## Saved entries

===============

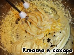 После чего добавляем подготовленную ваниль, цедру лимона и творог, предварительно слив с него сыворотку. Всё снова перемешиваем, но долго уже не взбиваем.
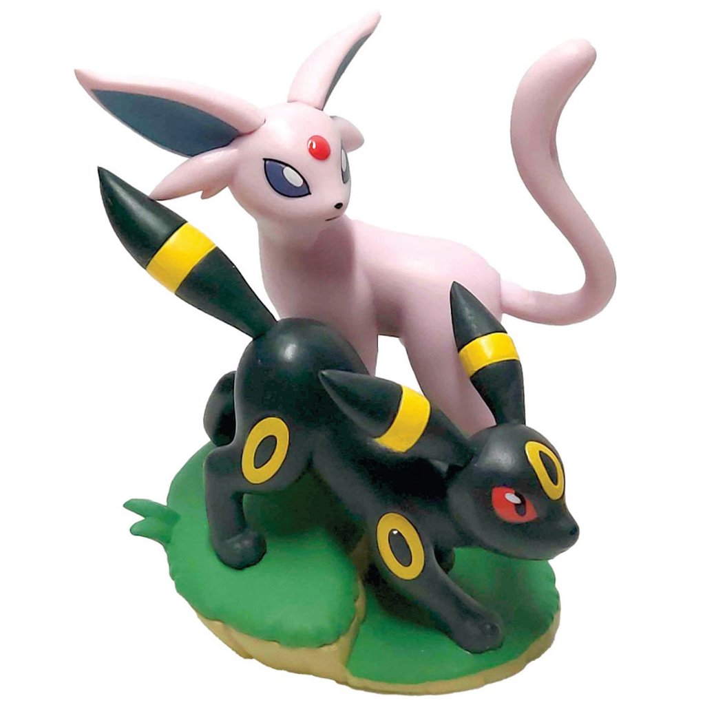 Umbreon a Espeon sú dve vývojové formy Eevee.Umbreon je temný typ, ktorý sa vyvíja v noci. Má elegantnú čiernu srsť so žltými krúžkami a je známy svojou výdržou a obranným štýlom boja.Espeón je psychický typ, ktorý sa vyvíja cez deň. Má elegantnú fialovú srsť a schopnosť predvídať útoky pomocou svojej psychickej sily. Obaja sú obľúbení pre svoju krásu aj silu.
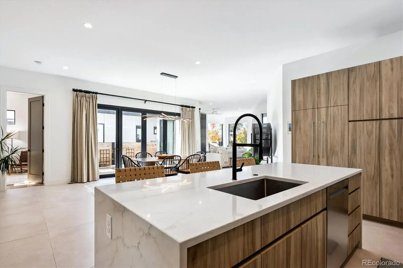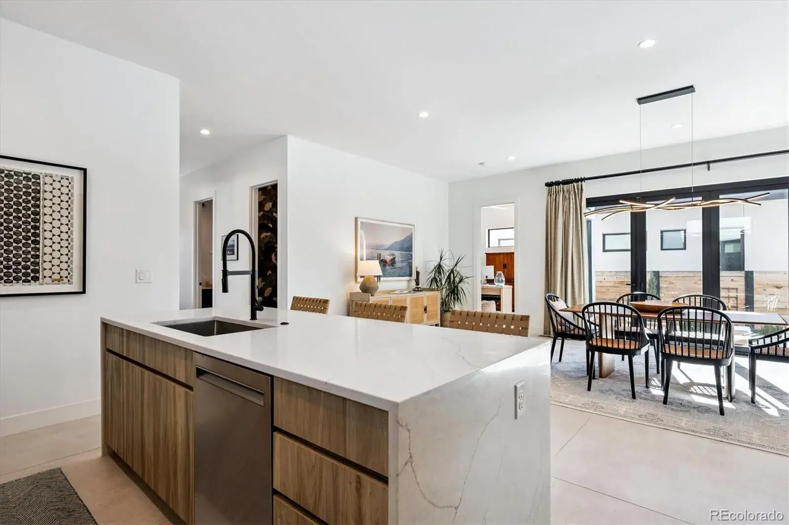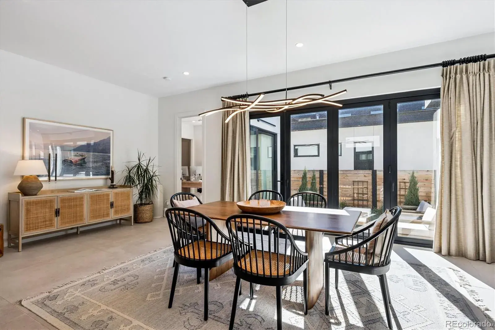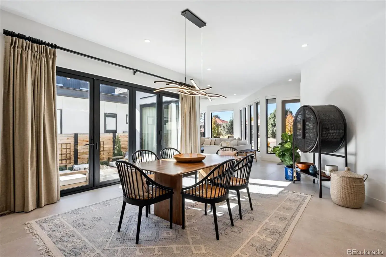 *$15,000 Lender Concession Offered For Rate Buy Down and/or Closing! Stunning Mid-Century Modern masterpiece in the heart of Sunnyside, offering ranch-style living at its finest. Filled with natural light from expansive windows, this home showcases an open floor plan designed for effortless everyday living and elegant entertaining. Accordion-style doors create a seamless transition for indoor-outdoor living, leading to a private terrace perfect for relaxing or hosting guests. Designer finishes abound, featuring high-end Porcelanosa tile and thoughtfully curated details throughout. At the heart of the home, the chef’s kitchen impresses with quartz countertops, a waterfall island, Dacor French Door refrigerator, JennAir range top and oven/microwave combo, custom tile backsplash, and upgraded lighting selections—ideal for both cooking and entertaining. The main level includes a luxurious primary suite with walk-in closet and spa-inspired bath complete with standalone tub, dual vanities, and walk-in shower. Two additional bedrooms share a Jack-and-Jill bath, while an exquisite powder room showcases designer wallpaper. Custom curtains in select rooms, Hunter Douglas Roman shades in all bedrooms, and remote-control shades in the primary suite and living room add both function and sophistication, complemented by a whole-house Honeywell steam humidifier. The fully finished basement extends the living space with an expansive recreation room, wet bar with refrigerator and dishwasher, three additional bedrooms, full bath, second laundry hookup, and plush wool carpeting—just another of the home’s many upgrades. Outside, enjoy a professionally designed and landscaped backyard with a custom garden box, perfect for outdoor dining and relaxation. Completing this exceptional property is a detached three-car garage. Ideally located just steps from Rocky Mountain Lake Park and Berkeley Lake Park, and near Tennyson Street, the Highlands, and downtown Denver.
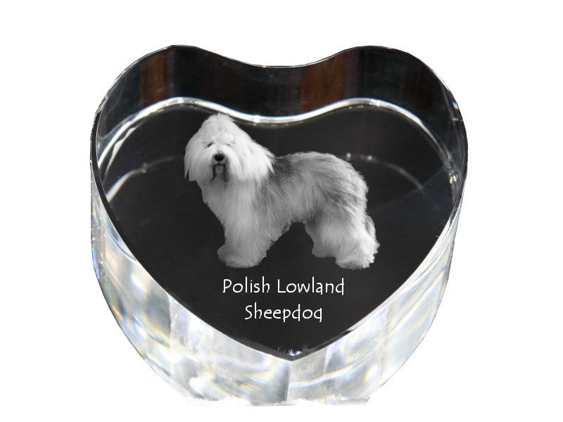 Poljski nižinski ovčar, PON – fotografija psa v kristalu, kristalno srce, unikaten okvir s fotografijo Art-Dog Celoten opis
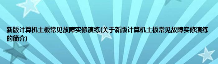 大家好,新版计算机主板常见故障实修演练,关于新版计算机主板常见故障实修演练的简介很多人还不知道,现在让我们一起来看看吧!
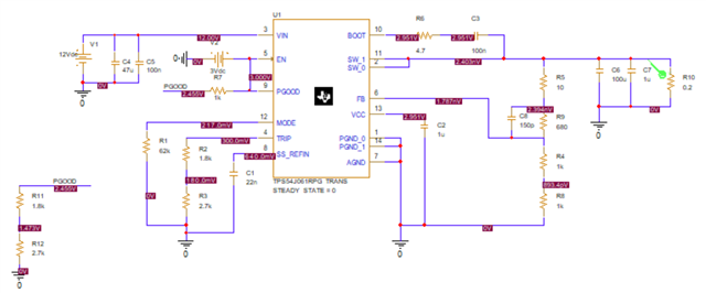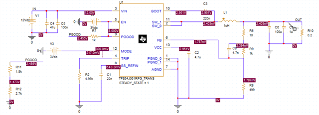 搭建TPS54J061的仿真电路后,可以正常仿真无报错,但是输出电压为0
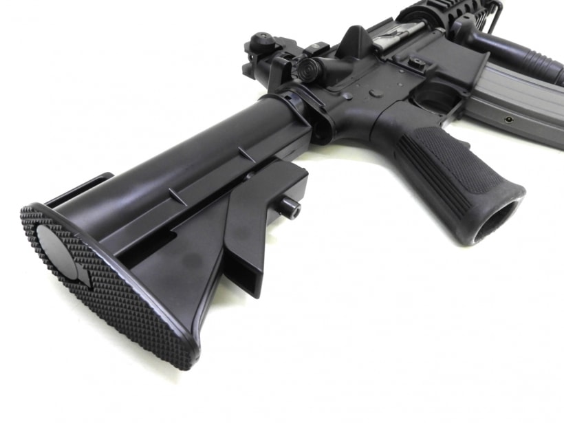 アッパー&ロア・レシーバーは、グラスファイバーが配合された強化樹脂で製作。金属と同等の高い剛性に、樹脂ならではの軽量で強靭な性質もあわせもつ、戦うためのM4A1には最適のレシーバーの一つといえる。ストックは、現用米軍装備のM4カービンで使用されている、6ポジション・エンハンスドタイプ。その名の通り、固定位置はきめ細かく6段階に設定されております。
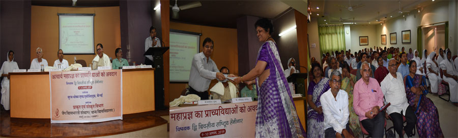 समारोह के मुख्य अतिथि प्रो. धर्मचंद जैन ने कहा है कि आचार्य महाप्रज्ञ ने आगमों का भाष्य किया। उनके आचारांग के भाष्य में जो सूक्ष्म दृष्टि से विवेचना की गई है, वह उनका वैशिष्ट्य था। प्राच्य विद्या में प्राचीन समय में 62 विद्याओं और 84 विद्याओं का क्षेत्र रहा था। प्राच्य विद्या में भारत और पूर्वी देशों की विद्याओं को माना जाता था, लेकिन महाप्रज्ञ की व्यापक दृष्टि थी। उन्होंने पाश्चात्य विद्याओं को भी समझा और उनका विवेचन किया। उन्होंने प्राच्य विद्याओं को नवीन आयाम दिया और शरीर विज्ञान, हार्मोनों की क्रियाओं, प्रेक्षाध्यान से आने वाले परिवर्तनों आदि की बात कही। महाप्रज्ञ ने अनेकांत की परम्परागत परिभाषा से हट कर आधुनिक युग की जीवन शैली से उसको जोड़ा और उसे समयक् दृष्टि के रूप में प्रस्तुत करते हुये जीवन की समस्त समस्याओं के समाधान के रूप में प्रस्तुत किया। विशिष्ट अतिथि प्रो. हरिशंकर पांडेय ने आचार्य महाप्रज्ञ को सामान्य मनुष्य के बजाये साबर तंत्र के आधार पर अदेही गुरू के रूप में अधिक बलवान और समर्थ साबित किया। उन्होंने कहा कि महाप्रज्ञ के एक-एक सूत्र को पकड़ लें तो जीवन को सार्थक बनाया जा सकता है। संगोष्ठी की निदेशिका समणी संगीत प्रज्ञा ने प्रतिवेदन प्रस्तुत करते हुये बताया कि संगोष्ठी में विभिन्न प्रांतों से विद्वानो नें यहां पहुंच कर हिस्सा लिया, जिनमें 17 तो देश के प्रख्यात विद्वान हैं और सभी ने अपने शोध-आलेख प्रस्तुत किये। संस्थान के शोध छात्रों ने भी पत्रवाचन किये। प्रारम्भ में संस्थान के प्राकृत व संस्कृत विभाग के विभागाध्यक्ष प्रो. दामोदर शास्त्री ने अपने स्वागत वक्तव्य में बताया कि महाप्रज्ञ ने आयुर्वेद, अध्यात्म, वेद, विज्ञान आदि सभी पर लिखा है। उन्होंने सबसे महाप्रज्ञ के साहित्य को पढने के लिये प्रेरित किया। इस अवसर पर सभी सम्भागियों को प्रमाण पत्रों का वितरण किया गया। कार्यक्रम का संचालन समणी सम्यकप्रज्ञा ने किया। अंत में डाॅ. योगेश कुमार जैन ने आभार ज्ञापित किया। कार्यक्रम में प्रो. प्रद्युम्न शाह, प्रो. प्रेमसुमन जैन, प्रो. कल्पना जैन, डाॅ. सहदेव शास्त्री, ज्योति बाबू, सुमत जैन, प्रो. अशोक कुमार जैन, डाॅ. मनीषा जैन, डाॅ. आनन्छ जैन, डाॅ. मंजुल प्रज्ञा, डाॅ. समणी अमल प्रज्ञा, डाॅ. पुष्पा मिश्रा, मीनाक्षी मारू, समणी ऋजुप्रज्ञा, प्रो. अनिल धर, प्रो. बीएल जैन, डाॅ. जसबीर सिंह आदि उपस्थित थे।

===============

## What you have to do
Please output every record above exactly. Leave the pictures out.

## Output
 После чего добавляем подготовленную ваниль, цедру лимона и творог, предварительно слив с него сыворотку. Всё снова перемешиваем, но долго уже не взбиваем.
 Umbreon a Espeon sú dve vývojové formy Eevee.Umbreon je temný typ, ktorý sa vyvíja v noci. Má elegantnú čiernu srsť so žltými krúžkami a je známy svojou výdržou a obranným štýlom boja.Espeón je psychický typ, ktorý sa vyvíja cez deň. Má elegantnú fialovú srsť a schopnosť predvídať útoky pomocou svojej psychickej sily. Obaja sú obľúbení pre svoju krásu aj silu.
 *$15,000 Lender Concession Offered For Rate Buy Down and/or Closing! Stunning Mid-Century Modern masterpiece in the heart of Sunnyside, offering ranch-style living at its finest. Filled with natural light from expansive windows, this home showcases an open floor plan designed for effortless everyday living and elegant entertaining. Accordion-style doors create a seamless transition for indoor-outdoor living, leading to a private terrace perfect for relaxing or hosting guests. Designer finishes abound, featuring high-end Porcelanosa tile and thoughtfully curated details throughout. At the heart of the home, the chef’s kitchen impresses with quartz countertops, a waterfall island, Dacor French Door refrigerator, JennAir range top and oven/microwave combo, custom tile backsplash, and upgraded lighting selections—ideal for both cooking and entertaining. The main level includes a luxurious primary suite with walk-in closet and spa-inspired bath complete with standalone tub, dual vanities, and walk-in shower. Two additional bedrooms share a Jack-and-Jill bath, while an exquisite powder room showcases designer wallpaper. Custom curtains in select rooms, Hunter Douglas Roman shades in all bedrooms, and remote-control shades in the primary suite and living room add both function and sophistication, complemented by a whole-house Honeywell steam humidifier. The fully finished basement extends the living space with an expansive recreation room, wet bar with refrigerator and dishwasher, three additional bedrooms, full bath, second laundry hookup, and plush wool carpeting—just another of the home’s many upgrades. Outside, enjoy a professionally designed and landscaped backyard with a custom garden box, perfect for outdoor dining and relaxation. Completing this exceptional property is a detached three-car garage. Ideally located just steps from Rocky Mountain Lake Park and Berkeley Lake Park, and near Tennyson Street, the Highlands, and downtown Denver.
 Poljski nižinski ovčar, PON – fotografija psa v kristalu, kristalno srce, unikaten okvir s fotografijo Art-Dog Celoten opis
 大家好,新版计算机主板常见故障实修演练,关于新版计算机主板常见故障实修演练的简介很多人还不知道,现在让我们一起来看看吧!
 搭建TPS54J061的仿真电路后,可以正常仿真无报错,但是输出电压为0
 アッパー&ロア・レシーバーは、グラスファイバーが配合された強化樹脂で製作。金属と同等の高い剛性に、樹脂ならではの軽量で強靭な性質もあわせもつ、戦うためのM4A1には最適のレシーバーの一つといえる。ストックは、現用米軍装備のM4カービンで使用されている、6ポジション・エンハンスドタイプ。その名の通り、固定位置はきめ細かく6段階に設定されております。
 समारोह के मुख्य अतिथि प्रो. धर्मचंद जैन ने कहा है कि आचार्य महाप्रज्ञ ने आगमों का भाष्य किया। उनके आचारांग के भाष्य में जो सूक्ष्म दृष्टि से विवेचना की गई है, वह उनका वैशिष्ट्य था। प्राच्य विद्या में प्राचीन समय में 62 विद्याओं और 84 विद्याओं का क्षेत्र रहा था। प्राच्य विद्या में भारत और पूर्वी देशों की विद्याओं को माना जाता था, लेकिन महाप्रज्ञ की व्यापक दृष्टि थी। उन्होंने पाश्चात्य विद्याओं को भी समझा और उनका विवेचन किया। उन्होंने प्राच्य विद्याओं को नवीन आयाम दिया और शरीर विज्ञान, हार्मोनों की क्रियाओं, प्रेक्षाध्यान से आने वाले परिवर्तनों आदि की बात कही। महाप्रज्ञ ने अनेकांत की परम्परागत परिभाषा से हट कर आधुनिक युग की जीवन शैली से उसको जोड़ा और उसे समयक् दृष्टि के रूप में प्रस्तुत करते हुये जीवन की समस्त समस्याओं के समाधान के रूप में प्रस्तुत किया। विशिष्ट अतिथि प्रो. हरिशंकर पांडेय ने आचार्य महाप्रज्ञ को सामान्य मनुष्य के बजाये साबर तंत्र के आधार पर अदेही गुरू के रूप में अधिक बलवान और समर्थ साबित किया। उन्होंने कहा कि महाप्रज्ञ के एक-एक सूत्र को पकड़ लें तो जीवन को सार्थक बनाया जा सकता है। संगोष्ठी की निदेशिका समणी संगीत प्रज्ञा ने प्रतिवेदन प्रस्तुत करते हुये बताया कि संगोष्ठी में विभिन्न प्रांतों से विद्वानो नें यहां पहुंच कर हिस्सा लिया, जिनमें 17 तो देश के प्रख्यात विद्वान हैं और सभी ने अपने शोध-आलेख प्रस्तुत किये। संस्थान के शोध छात्रों ने भी पत्रवाचन किये। प्रारम्भ में संस्थान के प्राकृत व संस्कृत विभाग के विभागाध्यक्ष प्रो. दामोदर शास्त्री ने अपने स्वागत वक्तव्य में बताया कि महाप्रज्ञ ने आयुर्वेद, अध्यात्म, वेद, विज्ञान आदि सभी पर लिखा है। उन्होंने सबसे महाप्रज्ञ के साहित्य को पढने के लिये प्रेरित किया। इस अवसर पर सभी सम्भागियों को प्रमाण पत्रों का वितरण किया गया। कार्यक्रम का संचालन समणी सम्यकप्रज्ञा ने किया। अंत में डाॅ. योगेश कुमार जैन ने आभार ज्ञापित किया। कार्यक्रम में प्रो. प्रद्युम्न शाह, प्रो. प्रेमसुमन जैन, प्रो. कल्पना जैन, डाॅ. सहदेव शास्त्री, ज्योति बाबू, सुमत जैन, प्रो. अशोक कुमार जैन, डाॅ. मनीषा जैन, डाॅ. आनन्छ जैन, डाॅ. मंजुल प्रज्ञा, डाॅ. समणी अमल प्रज्ञा, डाॅ. पुष्पा मिश्रा, मीनाक्षी मारू, समणी ऋजुप्रज्ञा, प्रो. अनिल धर, प्रो. बीएल जैन, डाॅ. जसबीर सिंह आदि उपस्थित थे।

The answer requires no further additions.